Analyzing the genetics and smoking habits of more than half a million people has shed new light on the complexities of controlling blood pressure, according to a study led by researchers at Washington University School of Medicine in St. Louis.
The research, published in The American Journal of Human Genetics, stems from an international consortium of institutions tasked with plumbing vast amounts of participant data to uncover how genes interact with lifestyle and influence measures of heart health.
The investigators studied blood pressure because it is a strong indicator of cardiovascular health. While simple to measure, blood pressure is controlled by a complex interplay of genetics and lifestyle, and both must be considered when uncovering what drives high blood pressure. For example, lifelong smokers who have high blood pressure — as might be expected — likely have different genetic backgrounds from lifelong smokers who nevertheless have normal blood pressure. Such differences, which this study sought to uncover, can highlight genes involved in controlling blood pressure that past research may have missed.
“We are trying to identify new reasons why people may have high blood pressure,” said co-senior author Dabeeru C. Rao, a professor and director of the Division of Biostatistics at the School of Medicine. “Blood pressure is extremely complex. We need enormous sample sizes from diverse populations to be able to see what is important in controlling blood pressure.”
The study included more than 600,000 participants from multiple studies that recorded data on smoking status, systolic and diastolic blood pressure, and genetic markers across the genome. It included participants of European, African, Asian, Hispanic and Brazilian ancestries. The analysis uncovered some surprisingly novel results.

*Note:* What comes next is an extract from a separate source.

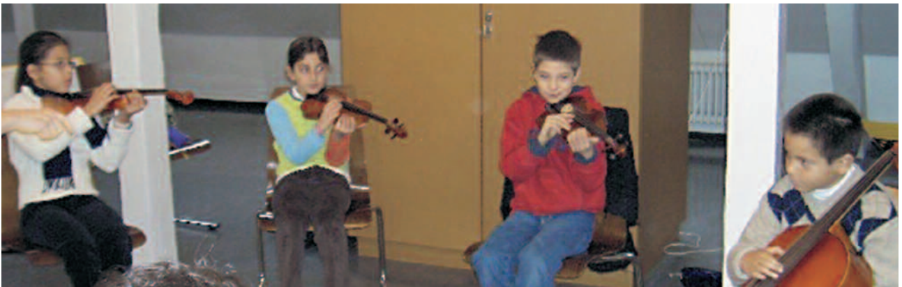
Children in the Florimont Institute School in Geneva trying string instruments the first time in their lives!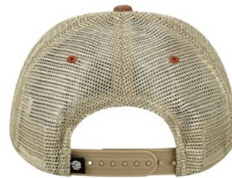
PLASTIC SNAP CLOSURE

Unstructured low profile mesh cap with a slightly longer brim. 100% dirty wash cotton twill front panels & brim creates rich, distinctive color. Vintage polyester soft mesh back. Contrast stitching matches mesh. Pre-curved visor & plastic snap closure.

“Despite tremendous efforts, we continue to have a lot of difficulty controlling blood pressure in many patients,” said co-first author and cardiologist Lisa de las Fuentes, MD, an associate professor of medicine and of biostatistics. “Even when we try every tool in our arsenal, some patients still don’t respond to medications the way we would expect them to. There are probably biological reasons for this that we haven’t tapped into yet. Our study identified potential genes of interest that we should be investigating for potentially new ways to treat high blood pressure.”
The new study verified many genes already associated with blood pressure and identified new genes in areas that might be expected, including blood vessel structure and kidney function. But the researchers found some surprising genes, as well. Some of the identified genes are involved with the structure and function of cilia, tiny hairlike extensions on cells that beat rhythmically to clear microbes from the lungs, nose and ears, for example. Because abnormal cilia function also is associated with kidney disease, it may contribute to elevated blood pressure. Another surprise was finding genes governing the length of telomeres, the protective caps on the ends of chromosomes. Telomeres are considered a marker of age, as they shorten slightly with each cell division.

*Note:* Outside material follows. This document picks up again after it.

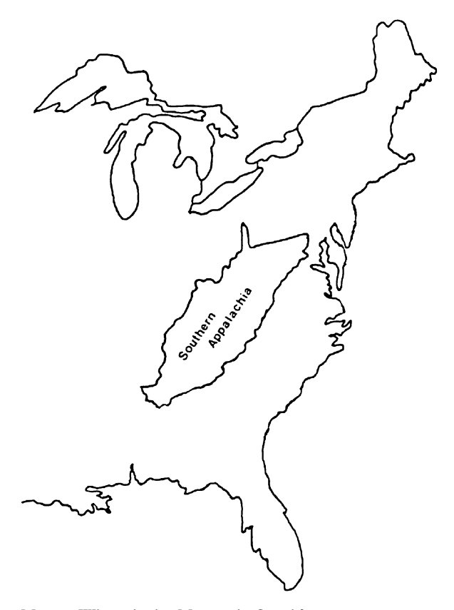
Map 1. Where is the Mountain South?

nonslaveholding majority and a large surplus of poor white landless laborers. In geographic and geological terms, the Mountain South (also known as Southern Appalachia) makes up that part of the U.S. Southeast that rose from the floor of the ocean to form the Appalachian Mountain chain 10,000 years ago (see Map 1). In a previous book, I documented the historical integration of this region into the capitalist world system. The incorporation of Southern Appalachia entailed nearly one hundred fifty years of ecological, politico-economic, and cultural change. Beginning in the early 1700s, Southern Appalachia was incorporated as a peripheral fringe of the European colonies located along the southeastern coasts of North America. During the early eighteenth century, the peripheries of the world economy included eastern and southern Europe, Hispanic America, and "the extended Caribbean," which stretched from

The study also allowed scientists to pinpoint 35 locations in the genome associated with blood pressure that were unique in people of African ancestry. However, the investigators said the sample size was too small to establish an external replication group to validate the findings.

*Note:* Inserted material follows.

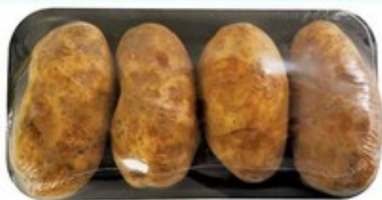
BAKE POTATOES 4 count cello pack

“We are using data from studies that are already available, and historically, these tend to be concentrated on people of European ancestry,” said first author Yun J. Sung, an associate professor of biostatistics. “This emphasizes the need for more studies that include diverse patient populations. There are efforts to change this, but for this study, that data does not yet exist in these non-European populations.”
The researchers found many genes associated with blood pressure that also have been implicated in metabolic problems, including diabetes, obesity and kidney disease. In another interesting finding, the study linked blood pressure to genes associated with addiction, including alcohol and nicotine dependence. In short, the picture emerging in blood pressure control involves central and peripheral systems of the body that span the brain, kidneys, adrenal glands and vasculature, according to the researchers.
“Blood pressure involves everything from how well your heart squeezes, to how well your blood vessels relax, to how well your brain signals your adrenal glands telling your kidneys to hold on to saltwater,” de las Fuentes said. “It’s a sophisticated and elegant system, and we’re still working to understand it so we can better treat our patients.”